- _What to work on_:
From the first line to the last, copy the material word for word; pictures stay out.

- _Provided material_:
# # # # #

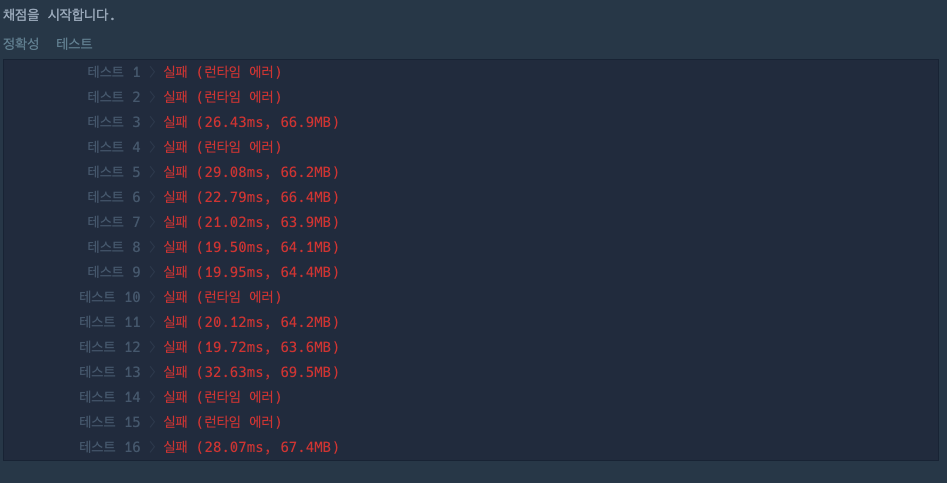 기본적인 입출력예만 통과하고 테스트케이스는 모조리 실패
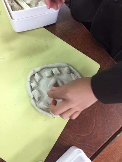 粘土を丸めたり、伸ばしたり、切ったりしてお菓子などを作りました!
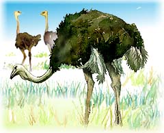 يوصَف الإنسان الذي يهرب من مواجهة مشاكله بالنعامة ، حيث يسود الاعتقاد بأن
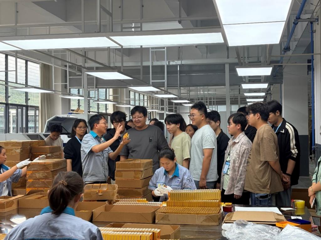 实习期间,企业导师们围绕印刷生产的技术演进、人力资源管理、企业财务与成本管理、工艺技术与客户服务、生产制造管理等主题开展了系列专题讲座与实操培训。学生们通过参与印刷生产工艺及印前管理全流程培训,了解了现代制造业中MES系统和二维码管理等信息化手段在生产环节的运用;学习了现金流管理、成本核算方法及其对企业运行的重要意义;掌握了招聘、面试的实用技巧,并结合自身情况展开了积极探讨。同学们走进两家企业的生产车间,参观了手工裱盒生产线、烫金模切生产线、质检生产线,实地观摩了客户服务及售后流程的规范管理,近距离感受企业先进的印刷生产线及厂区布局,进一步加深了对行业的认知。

# # # # #

- _Result below_:
 기본적인 입출력예만 통과하고 테스트케이스는 모조리 실패
 粘土を丸めたり、伸ばしたり、切ったりしてお菓子などを作りました!
 يوصَف الإنسان الذي يهرب من مواجهة مشاكله بالنعامة ، حيث يسود الاعتقاد بأن
 实习期间,企业导师们围绕印刷生产的技术演进、人力资源管理、企业财务与成本管理、工艺技术与客户服务、生产制造管理等主题开展了系列专题讲座与实操培训。学生们通过参与印刷生产工艺及印前管理全流程培训,了解了现代制造业中MES系统和二维码管理等信息化手段在生产环节的运用;学习了现金流管理、成本核算方法及其对企业运行的重要意义;掌握了招聘、面试的实用技巧,并结合自身情况展开了积极探讨。同学们走进两家企业的生产车间,参观了手工裱盒生产线、烫金模切生产线、质检生产线,实地观摩了客户服务及售后流程的规范管理,近距离感受企业先进的印刷生产线及厂区布局,进一步加深了对行业的认知。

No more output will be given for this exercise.